The answer: do NOT communicate at all. Instead, look for other donors in your file who ARE giving and who have capacity. They are the ones who are demonstrating, through their behavior, that they are interested.
Not giving is a clear signal that the donor isn’t interested in being your partner. You might argue that not enough has been done – that it’s your fault the donor hasn’t responded – that you haven’t sent the right things or said the right things, etc. etc.
OK, there may be some truth to that. But in almost every case, where we’ve examined the facts, the truth is that the donor isn’t interested.
What’s playing in your head is your own desire to get that donor to give. Or the desire of some authority figure in your organization. Why? Because “they have so much potential” or “if we could just get them to talk to us, great things will happen.”

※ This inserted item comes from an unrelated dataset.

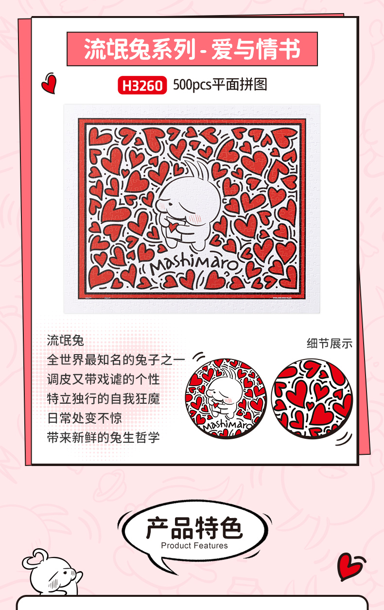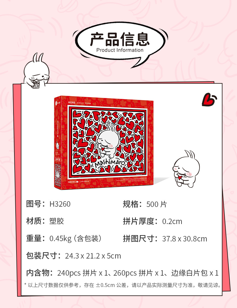 【折扣商品 不退不换】500片平面拼图塑料拼图 H3260 流氓兔系列-爱与情书

But the fact is that great things are not happening because the donor, frankly, does not care about your cause or organization as much as you want her to care. And that, my friend, is where the whole thing is.
So instead of always having an aspirational thought about what those high capacity people could do, turn your gaze to the folks who have already voted with their pocketbooks. They are your economic future. Not the “could-be’s.”
Most every caseload we’ve seen of MGOs in the United States, Mexico, Canada, Europe and Australia contains too many donors that Jeff and I call “aspirational” donors. They may have given $100 or even $500. Or they may have given $2,000 four years ago. But it has been “crickets” since then. Nothing has happened. And nothing will.
But the MGO continues to hang onto them, hoping that through some magical process the donor will suddenly turn from their state of ignoring the organization to full engagement.
It’s not going to happen. Believe me.
So, as you’re analyzing your caseload donor list, ask yourself if you are truly working with engaged and willing donors. Or are you holding onto some donors who need to be taken off your list? (Tweet it!)
If they haven’t given in two to three years (unless there is a specific circumstance that the donor has told you about) – if they haven’t given, move on. Take them off and replace them with donors who are with you.
It’s the best use of your time and your organization’s resources.
Richard
PS —Join me and Jeff on February 6th for a free webinar on caseload management. It will be an hour worth your time!
Hi. Contact donors who haven’t given for awhile. Tell you miss them and you wonder if they would share their experience as a donor. You are curious and interested in learning more why they didn’t renew. Renewal of their support is possible…but do not ask for money. Ask if they have questions. When donors experience genuine awareness they feel connected.. long as you don’t ask them to give money. You could ask if they would ever consider rejoining or reconnecting.
Looking for new people is starting over and if the relationship isn’t created with renewal in mind it is very expensive. Fundraising is more than collecting money and meeting financial goals. Former donor already made one decision to support. What happened?